Beyond racial discrimination, Edwards fought another battle later in life. He nearly died of AIDS 15 years ago, at a time when even some people in the civil rights movement considered HIV a taboo subject. Edwards, who was single and never publicly discussed his sexuality or how he contracted HIV, recovered thanks to new drugs and in 2001 spoke at a national convention of the National Assn. for the Advancement of Colored People about the hardships of living with HIV.
The organization’s national chairwoman, Roslyn M. Brock, on Saturday said that Edwards, who served on the NAACP’s national board for more than a decade, “promoted and protected the image of African Americans in the arts ... and he tore down barriers to honest conversation about HIV/AIDS in communities of color.”
Edwards was elected president of the NAACP’s Beverly Hills/Hollywood branch in 1982. He persuaded then-NBC President Brandon Tartikoff to nationally televise the group’s Image Awards, a movie star-studded event that focused on raising the profile of blacks in front of and behind the cameras in Hollywood. But later, Edwards tangled with a black TV star.
In 1988, comedian Arsenio Hall called Edwards an “extortionist” and “tennis-shoe pimp” and alleged Edwards threatened to publicly complain that Hall had not hired enough blacks to work on his talk show unless Hall gave $40,000 to the NAACP. Edwards filed a defamation lawsuit against Hall that, Edwards said, was eventually settled for a substantial sum.
Edwards was reelected branch president in 1989 but resigned later that year amid criticism that the group’s finances were not properly managed and that he took a $25,000 payment to help produce the Image Awards.

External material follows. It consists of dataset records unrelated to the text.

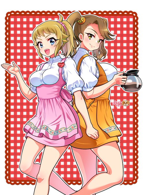 ビルドメタバースのキービジュアルにフミナパイセンの関係者がいるらしいのと今日はメイドの日らしいのでアンミラ衣装のフミナパイセンとギャン子再掲するわね🫖☕️ ウェイトレスはメイドではない気がするけど!
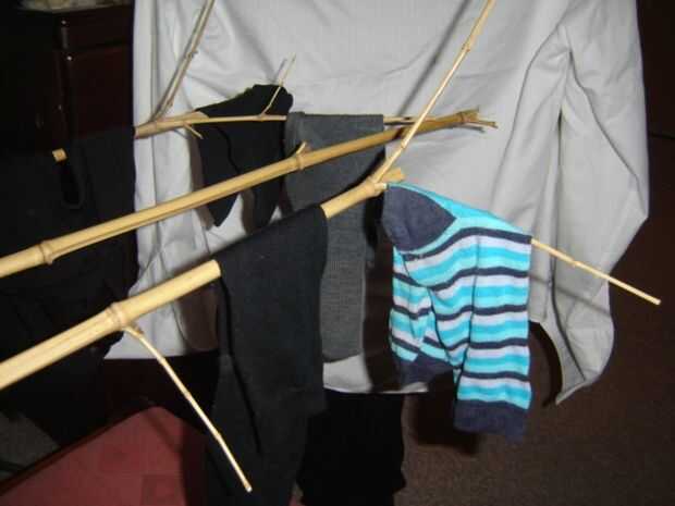 tienes que amar a este diseño. Es compacto, es robusto y es genial! Ir a la fuente.Esta rejilla de secado se basa en suspender dos triángulos concéntricos, equiláteros para hacer seis secciones transversales para colgar moje la ropa o toallas durante
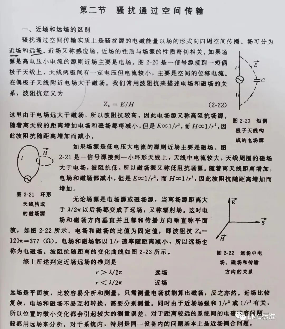 则,对于上面所说的偶极子天线,其E大于H,则Z0较大,所以电场源又称高阻抗场源;对于上面所说的环形天线,其H大于E,则Z0较小,所以磁场源又称低阻抗场源。
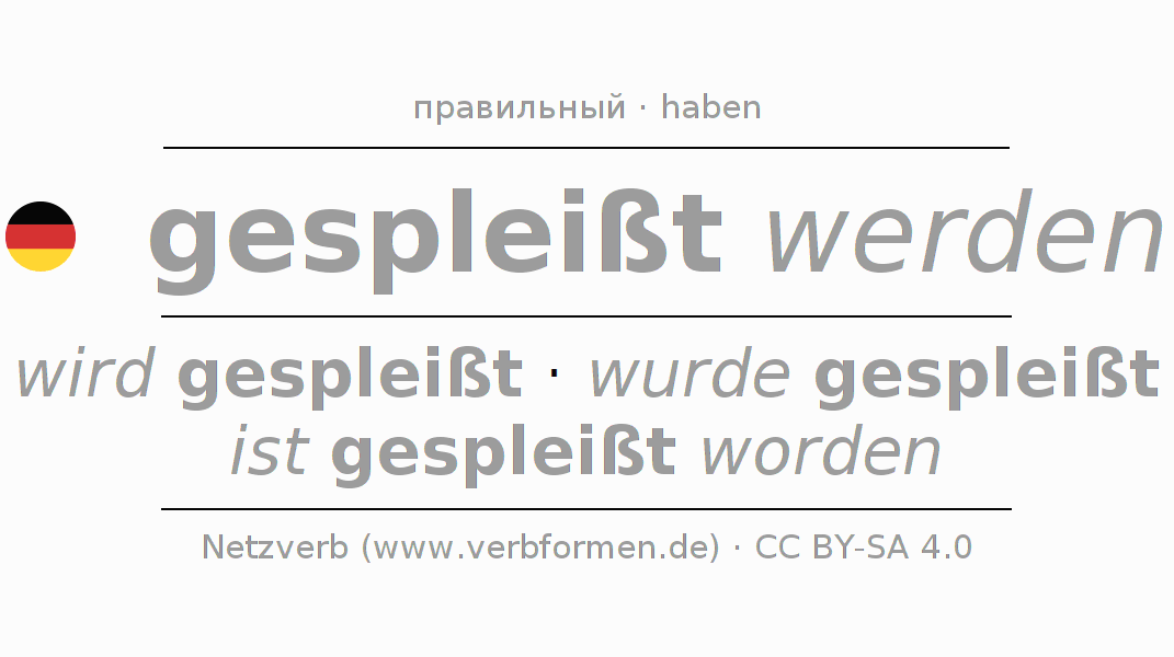 Спряжение spleißen в Koнъюнктив Презенс Сослагательное наклонение Пассив с werden: ich werde gespleißt, du werdest gespleißt, er werde gespleißt, wir werden gespleißt, ihr werdet gespleißt, sie werden gespleißt.Образование этих форм происходит по определённым грамматическим правилам. Так же спрягаются простые глагольные формы spleißen в Конъюнктив I. Kомментарии ☆
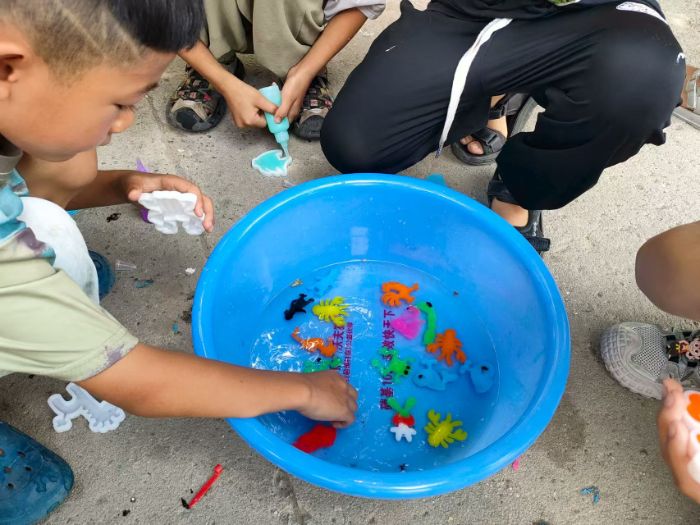 課堂上,志愿者們先通過(guò)看視頻的講解,用孩子們能聽(tīng)懂的語(yǔ)言介紹了水精靈的制作原理——原來(lái)那些五顏六色、QQ彈彈的小玩意兒,是海藻酸鈉溶液遇到氯化鈣溶液后發(fā)生的奇妙化學(xué)反應(yīng)。隨后,大家分組行動(dòng),手把手教孩子們操作:有的孩子小心翼翼地用滴管將彩色溶液滴入水中,看著一個(gè)個(gè)小球慢慢成形;有的則發(fā)揮想象力,用模具做出星星、愛(ài)心等形狀,室外滿是歡聲笑語(yǔ)。

Friends described Edwards as living modestly in a Hollywood apartment, uninterested in luxury but thriving on access to celebrity and power. In a 2002 profile of Edwards in the Los Angeles Times Magazine, reporter John L. Mitchell described how Edwards elicited both admiration and contempt “for being a man who, without wealth or political office or a car or a 9-to-5 job, through raw gifts and sheer guff, insinuated himself into the highest levels of influence.”
Born in Texas in 1946, Edwards was raised in Palm Springs and enrolled at Cal State L.A., where he was the first African American to be elected student body president. Drafted by the military, he was slightly wounded in a land mine explosion in the Vietnam War and was awarded a Bronze Star. He later worked as director of black student services at USC.
Edwards became active in Sen. Robert F. Kennedy’s 1968 presidential campaign and was in the Ambassador Hotel celebrating his victory in the California Democratic primary when Kennedy was assassinated. He was a political ally of Tom Bradley, Los Angeles’ first black mayor, who appointed Edwards to the city’s Social Service Commission in 1973.
As he struggled to recover from AIDS-related weight loss and other problems in the late ‘90s, Edwards was visited by Parks. Revered for refusing in 1955 to give up her seat on an Alabama bus to a white passenger, Parks sought Edwards’ help for her civil rights institute. He generated publicity for her and escorted her down the red carpet at the Academy Awards in 1998. Besides playing a role in allying her with the Clintons, Edwards helped lobby for Parks to receive the Congressional Gold Medal and for her casket to lie in honor in the Rotunda of the Capitol in Washington after her 2005 death. “Rosa Parks stands for something,” he told The Times in 2002.
Edwards is survived by a sister, Brenda, and a brother, Frank, along with nieces and nephews. Funeral arrangements are pending.